Now that we've fixed our data, and given it appropriate names, let's create a [data dictionary](http://library.ucmerced.edu/node/10249). 

A data dictionary provides a quick overview of features/variables/columns, alongside data types and descriptions. The more descriptive you can be, the more useful this document is.

Example of a Fictional Data Dictionary Entry: 

|Feature|Type|Dataset|Description|
|---|---|---|---|
|**county_pop**|*integer*|2010 census|The population of the county (units in thousands, where 2.5 represents 2500 people).| 
|**per_poverty**|*float*|2010 census|The percent of the county over the age of 18 living below the 200% of official US poverty rate (units percent to two decimal places 98.10 means 98.1%)|

[Here's a quick link to a short guide for formatting markdown in Jupyter notebooks](https://jupyter-notebook.readthedocs.io/en/stable/examples/Notebook/Working%20With%20Markdown%20Cells.html).
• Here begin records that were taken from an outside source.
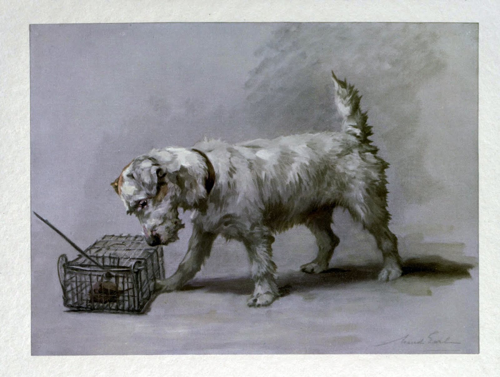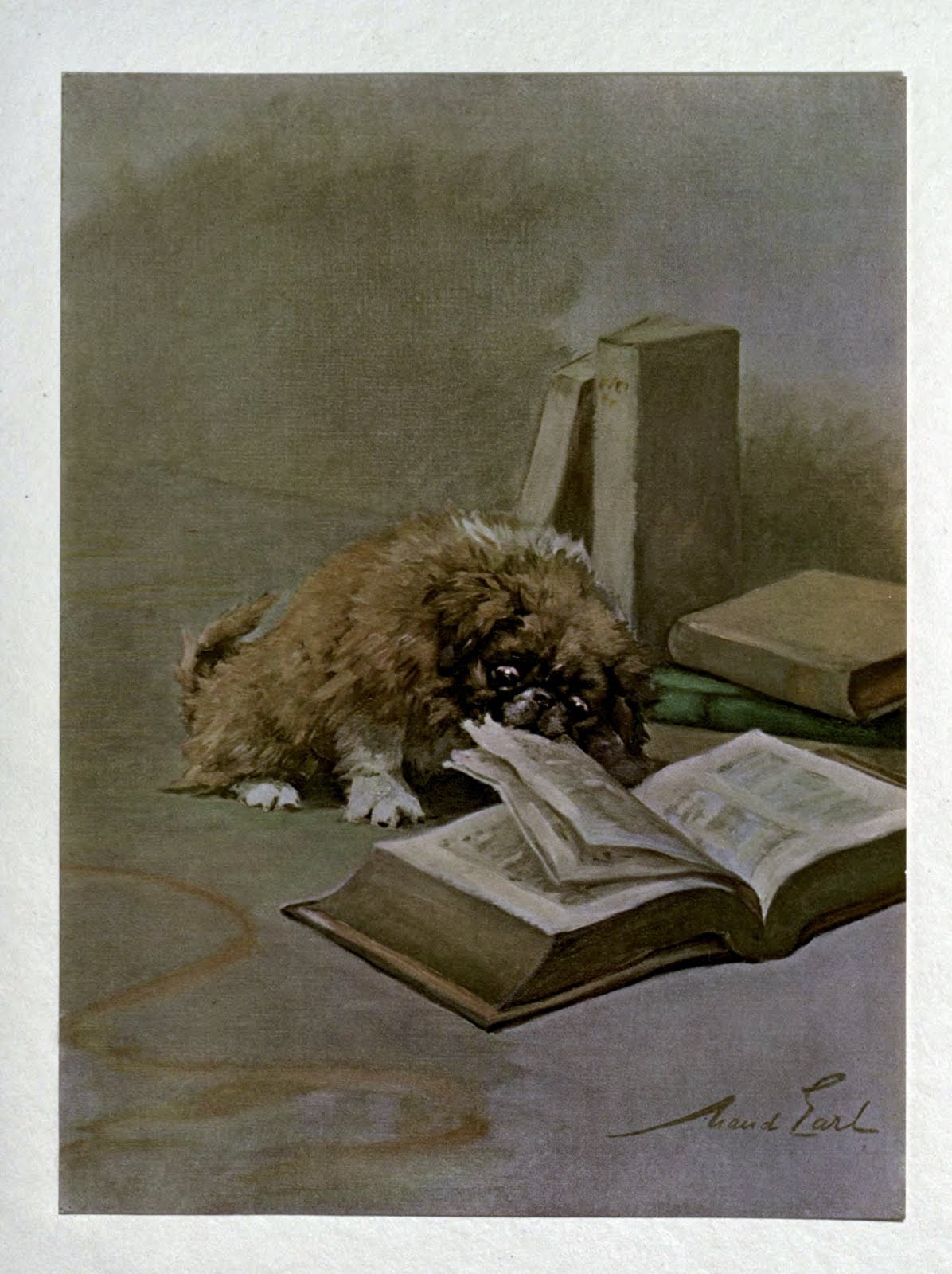 “To experience the fullest pleasure of the ownership of a dog it is necessary that he should come into our possession when young, before his intelligence is formed, and innumerable other impressions crowd his brain to the exclusion of those we wish to impart.” Such a statement outlines the first rules of having a puppy – that if you wish to own a well-behaved dog and enjoy a fruitful relationship with it, you must train it from an early age, lest he “tear up your favorite book.” If you are careful to do this, and avoid being too harsh with your puppy, Smith assures the reader that he or she will have a pet, and a companion, to cherish for years to come. Looking at this image, however, you might ask, “What is the fate of the merry mite so cleverly portrayed by Miss Earl? Youth passes, middle age comes, let him play and eat and sleep while the zest is on him, so that on the advent of maturity with all its troubles he may seek consolation in the memories of a happy puppyhood.”
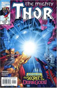 After “Hereos Reborn”, Thor and several members of the Avengers battle the Destroyer. Thor is saved by an enigmatic being called Marnot, who binds the life-force of a mortal called Jake Olson to the thunder god. Thor enters into a war with the Dark Gods with Marnot revealed to be Hescamer, one of Odin’s ravens; and battles the returning Enchanters Three.
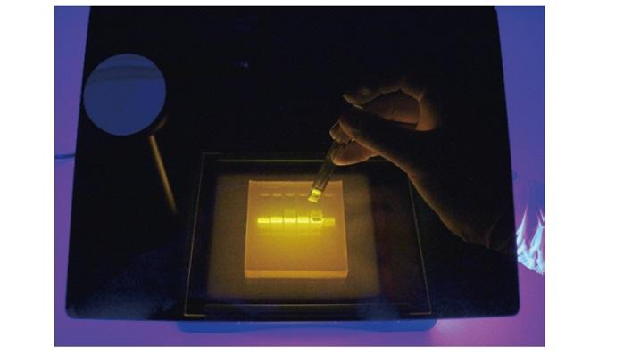 TGreen Monitor plus 蓝光电泳监测仪套装是基于 TGreen Monitor 的一款升级产品。套装内提供一台六一生物科技有限公司型号为 DYCP-31DN 的电泳槽,蓝光电泳监测仪的尺寸与电泳槽完全匹配;套装内还提供一件亚克力材质的切胶架(OSE470M-A001),切胶架直接放置于蓝光电泳监测仪上,方便凝胶回收的操作。使用滤光片,规避了使用传统滤光眼镜的人体接触污染风险。滤光片可 360 度自由固定,使用更方便。 采用 LED 蓝光光源,可用于多种安全染料/EB 染料染色的核酸的观察。 兼容的荧光染料:EB、 GeneGreen、GeneRed、GelGreen、GelRed、 Goldview 等。搭配荧光染料(如 GeneGreen),分辨率可达 2 ng。
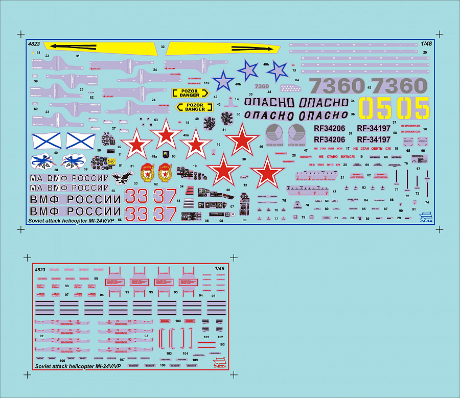The Mi-24 (NATO code Hind) combat helicopter was developed by the Experimental Design Bureau of M.L. Mil in the late 1960s. The MIL-24V as introduced into service in the Soviet Army in 1976 and became the most widespread modification of this helicopter with more than thousand built. The first combat test for Mi-24V was in Afghanistan, where it proved to be a reliable, well-protected machine, effective against enemy troops. In addition to a variety of bombs and missiles carried on six hardpoints, the Mi-24V is equipped with a heavy 12,7mm four barrel YAK-B type machine gun on a rotary turret, mounted under the front cockpit accommodating the gunner / operator. Our kit allows you to built alternatively the Mil Mi-24VP version, armed with the 23mm GSH-23L twin barreled cannon. Both versions of Mi-24 took part in many conflicts and are still in use in Russia and many countries worldwide.
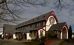The building was modified and enlarged a number of times between 1862 and 1986. The first addition happened around 1862 when a nave was added. At this time the original building was divided into two halves with a new nave being built between the two halves. This turned the original building's two halves into the transepts of the now larger church. A further addition was made between 1892 and 1893 when the nave was widened to allow for more seating. The church moved in 1986 from its original site opposite the Christchurch Hospital to its current home in the grounds of Rangi Ruru School.[2]
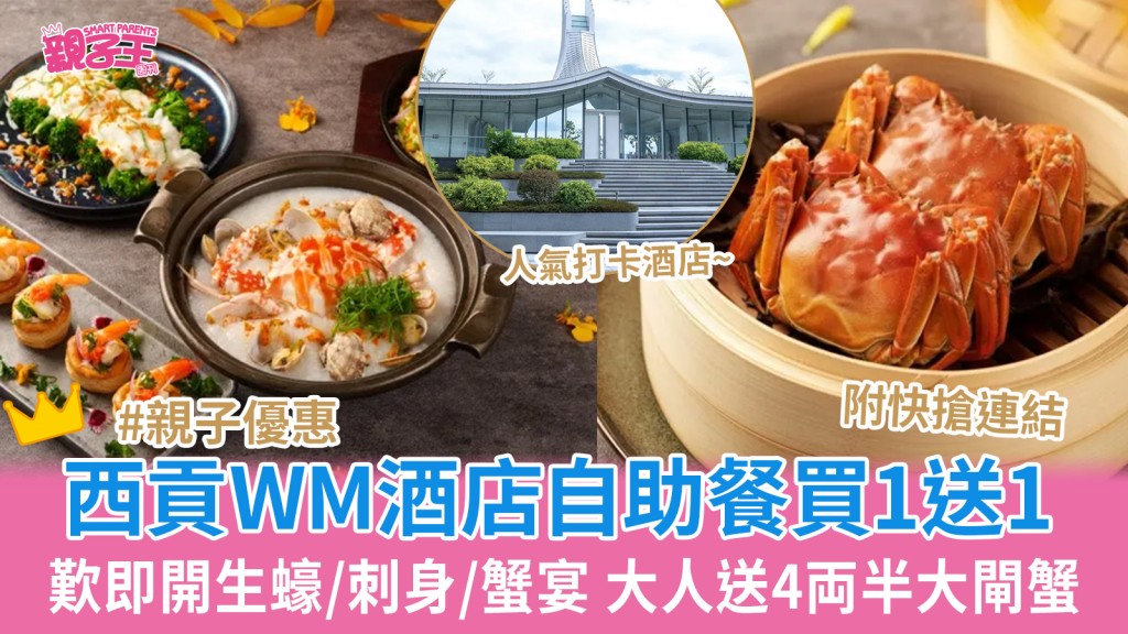 自助餐優惠︳10月、11月是小朋友測驗期,周末想帶小朋友去鬆一鬆也不敢到深圳、澳門等地外遊,不如就帶他們到西貢悠悠閒閒享受初秋微風。西貢為熱門旅遊點,想舒舒服服跟小朋友用餐,可考慮西貢市中心的WM酒店,環境清幽寧靜,予人有遠離城市的真正度假風!酒店處處打卡位,更有自助餐優惠推出,可以買一送一優惠享用最新「金秋蟹香自助晚餐」的肥美秋蟹!每位大人更送上4両半大閘蟹呢!各位蟹控即睇搶飛連結,預約定小朋友去歎蟹!
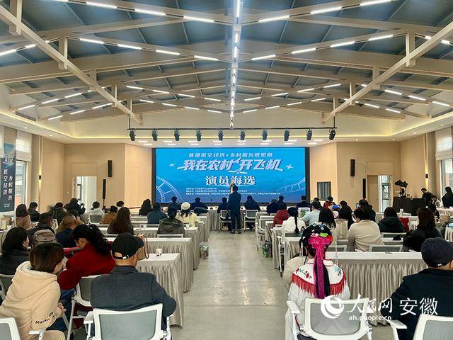 当天,45名来自安徽、江苏等地的“追梦人”,正根据微短剧《我在农村开飞机》剧组出的考题,在台上有板有眼地进行表演。
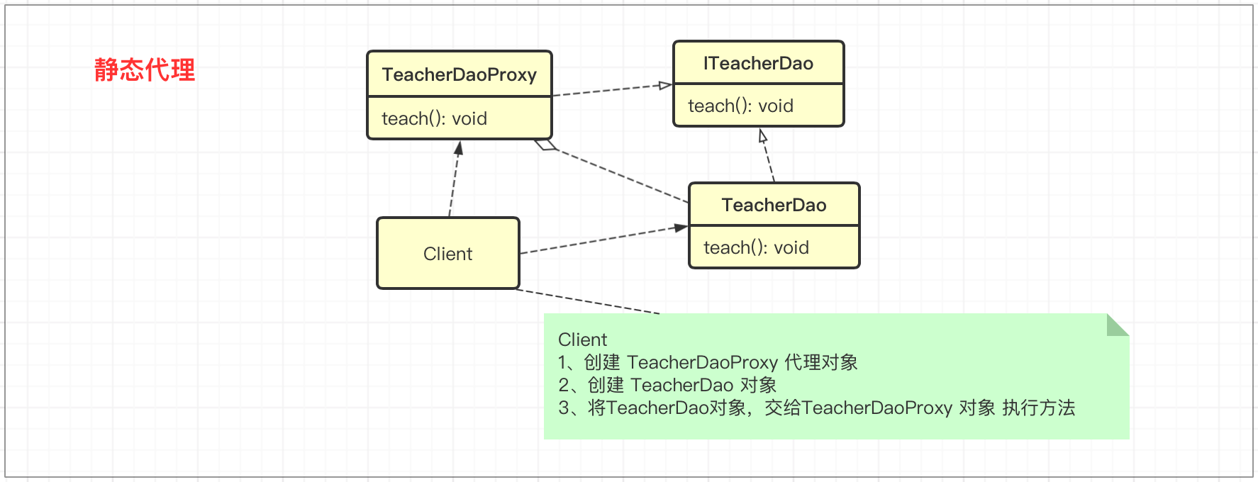 - 使用静态代理方式,就需要在代理对象 TeacherDAOProxy 中也实现 ITeacherDAO
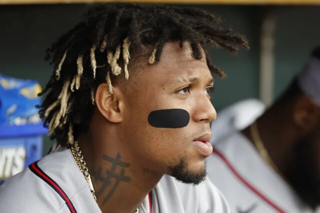 L’outfielder degli Atlanta Braves Ronald Acuna Jr. è stato colpito da due tiri lunedì sera, e il secondo lo ha spinto a lasciare la partita contro i Washington Nationals ospitanti.
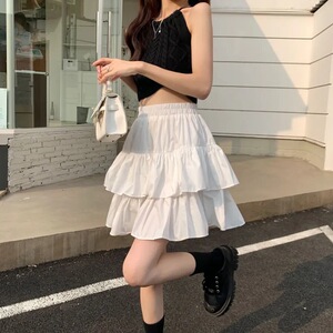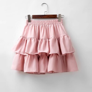 2025 新しい夏のフリルスカート女性のスリムケーキスカート大きいサイズ西洋スタイルハイウエストふわふわ多用途ショートスカート

Provided is the skeleton for formatting a markdown table, with columns headers that will help you create a data dictionary to quickly summarize your data, as well as some examples. **This would be a great thing to copy and paste into your custom README for this project.**

*Note*: if you are unsure of what a feature is, check the source of the data! This can be found in the README.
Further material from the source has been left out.